Thanks Dawid, I’ve created an issue for this https://jira.apache.org/jira/browse/FLINK-12426 <https://jira.apache.org/jira/browse/FLINK-12426>. Though we’re using 1.5 but this may affect later versions.

I’m still investigating the root case but no result yet. This happens occasionally and isn't easy to reproduce.

> On Apr 25, 2019, at 6:40 PM, Dawid Wysakowicz <dw...@apache.org> wrote:
> 
> Hi,
> 
> Feel free to open a JIRA for this issue.
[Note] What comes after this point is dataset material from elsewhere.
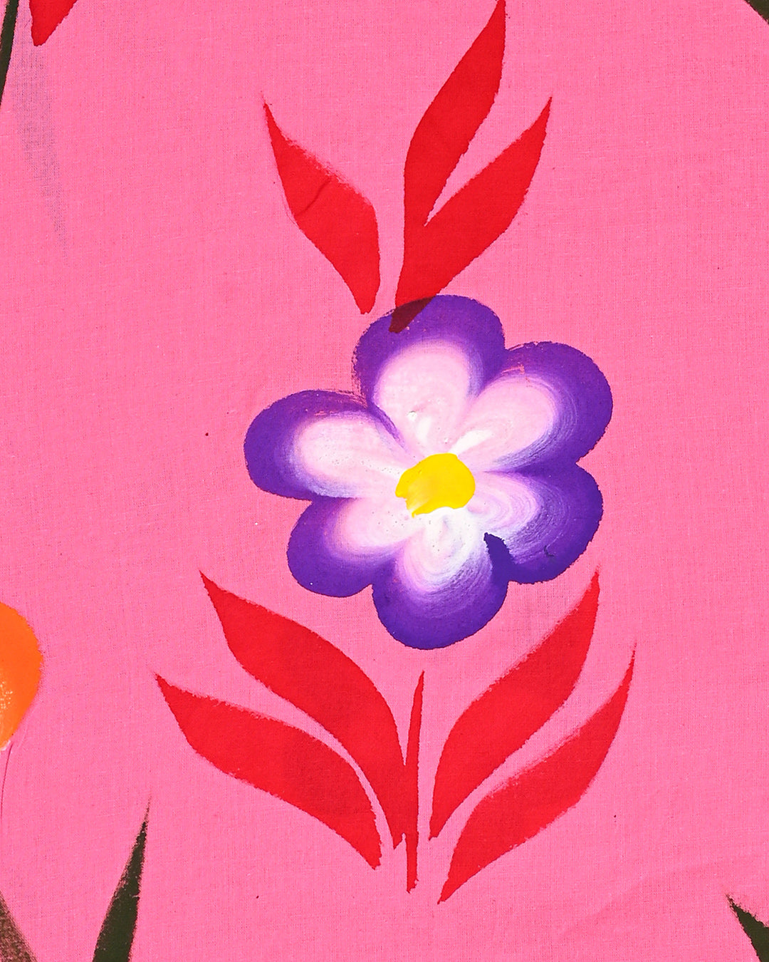 Hand block printing is a centuries old art form that utilizes a hand carved wood block , dipped in dye and stamped by hand onto fabric.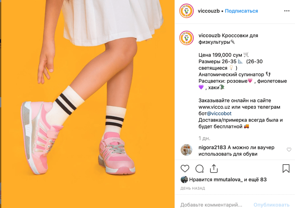 Или зайдите в магазин детской обуви Vicco. Вместо того чтобы просто делиться фотографиями обуви со стандартными описаниями, они демонстрируют обувь в школьной тематике, чтобы обратиться к соответствующим покупателям. Такой маркетинг одежды или обуви заставит не только вспомнить человека о предстоящем сезоне, но и задуматься о покупке у вас. К примеру магазин Twinkle (у которых мы брали интервью) сделали также.

By the way have you investigated what is the root cause for it hanging?
> 
> Best,
> 
> Dawid
> 
> On 25/04/2019 08:55, qi luo wrote:
>> Hello,
>> 
>> This issue occurred again and we dumped the TM thread. It indeed hung on socket read to download jar from Blob server:
>> 
>> "DataSource (at createInput(ExecutionEnvironment.java:548) (our.code)) (1999/2000)" #72 prio=5 os_prio=0 tid=0x00007fb9a1521000 nid=0xa0994 runnable [0x00007fb97cfbf000]
>>    java.lang.Thread.State: RUNNABLE
>>         at java.net.SocketInputStream.socketRead0(Native Method)
>>         at java.net.SocketInputStream.socketRead(SocketInputStream.java:116)
>>         at java.net.SocketInputStream.read(SocketInputStream.java:171)
>>         at java.net.SocketInputStream.read(SocketInputStream.java:141)
>>         at org.apache.flink.runtime.blob.BlobInputStream.read(BlobInputStream.java:152)
>>         at org.apache.flink.runtime.blob.BlobInputStream.read(BlobInputStream.java:140)
>>         at org.apache.flink.runtime.blob.BlobClient.downloadFromBlobServer(BlobClient.java:170)
>>         at org.apache.flink.runtime.blob.AbstractBlobCache.getFileInternal(AbstractBlobCache.java:181)
>>         at org.apache.flink.runtime.blob.PermanentBlobCache.getFile(PermanentBlobCache.java:206)
>>         at org.apache.flink.runtime.execution.librarycache.BlobLibraryCacheManager.registerTask(BlobLibraryCacheManager.java:120)
>>         - locked <0x000000078ab60ba8> (a java.lang.Object)
>>         at org.apache.flink.runtime.taskmanager.Task.createUserCodeClassloader(Task.java:893)
>>         at org.apache.flink.runtime.taskmanager.Task.run(Task.java:585)
>>         at java.lang.Thread.run(Thread.java:748)
>> 
>> I checked the latest master code. There’s still no socket timeout in Blob client. Should I create an issue to add this timeout?
>> 
>> Regards,
>> Qi 
>> 
>>> On Apr 19, 2019, at 7:49 PM, qi luo <luoqi.bd@gmail.com <ma...@gmail.com>> wrote:
>>> 
>>> Hi all,
>>> 
>>> We use Flink 1.5 batch and start thousands of jobs per day. Occasionally we observed some stuck jobs, due to some TM hang in “DEPLOYING” state. 
>>> 
>>> On checking TM log, it shows that it stuck in downloading jars in BlobClient:
>>> 
>>> ————
>>> ...
>>> INFO  org.apache.flink.runtime.taskexecutor.TaskExecutor       - Received task DataSource (at createInput(ExecutionEnvironment.java:548) (our.code)) (184/2000).
>>> INFO  org.apache.flink.runtime.taskmanager.Task                     - DataSource (at createInput(ExecutionEnvironment.java:548) (our.code)) (184/2000) switched from CREATED to DEPLOYING.
>>> INFO  org.apache.flink.runtime.taskmanager.Task                     - Creating FileSystem stream leak safety net for task DataSource (at createInput(ExecutionEnvironment.java:548) (our.code)) (184/2000) [DEPLOYING]
>>> INFO  org.apache.flink.runtime.taskmanager.Task                     - Loading JAR files for task DataSource (at createInput(ExecutionEnvironment.java:548) (our.code)) (184/2000) [DEPLOYING].
>>> INFO  org.apache.flink.runtime.blob.BlobClient                          - Downloading 19e65c0caa41f264f9ffe4ca2a48a434/p-3ecd6341bf97d5512b14c93f6c9f51f682b6db26-37d5e69d156ee00a924c1ebff0c0d280 from some-host-ip-port
>>> 
>>> no more logs...
>>> ————
>>> 
>>> It seems that the TM is calling BlobClient to download jars from JM/BlobServer. Under hood it’s calling Socket.connect() and then Socket.read() to retrieve results. 
>>> 
>>> Should we add timeout in socket operations in BlobClient to resolve this issue?
>>> 
>>> Thanks,
>>> Qi
>>